# Game-Changing Trailcam



## glenway (Mar 27, 2011)

Thought this was worth sharing. Cuddeback is offering trailcams that will allow a user to check them all from one camera site. So, instead of the expensive wireless types that need the user to pay for monthly service, only one camera has to be checked. From there, it can access the rest of the cameras being employed.

Don't know the cost of the system, but this is a major breakthrough in technology. Just wish I could find a camera that doesn't melt down in some way before I get my money's worth.

Here's the link:

http://thinkingafield.org/2017/06/cuddeback-offers-remote-access-cuddelink.html


----------



## Double Naught Spy (Mar 1, 2015)

Interesting concept. I like how they completely downplayed the cellularization of game cams as not being a significant change in game cam technology, but then promote their system as being significant.
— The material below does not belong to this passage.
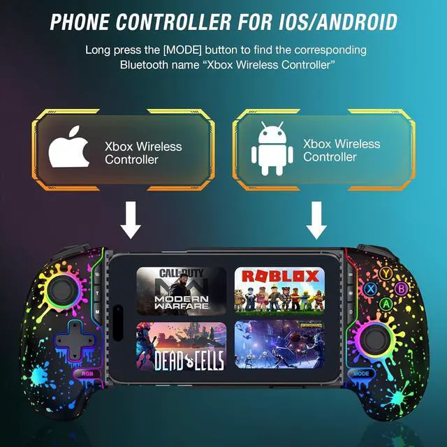 Universal Wireless ConnectivityExperience seamless Bluetooth pairing with this premium mobile game controller for Android and iPhone. Simply hold the MODE button for 3 seconds until the blue LED flashes rapidly, then select " Wireless Controller" in your device's Bluetooth settings. The iPhone controller remembers your device for instant reconnection, making it the most convenient phone controller for gaming on the go

So, Cuddleback, some of the most expensive game cameras out there, is promoting a less expensive alternative.

The concept sounds pretty good, particularly if you are in an area without cellular where cell cams would not work. Of course, you won't be buying just a camera but a camera system. Each cam is going to need to be on solar because it is going to take a lot of power for the cameras to be talking to each other and fowarding images down the line to the 'home' camera.

This won't be an inexpensive system.


----------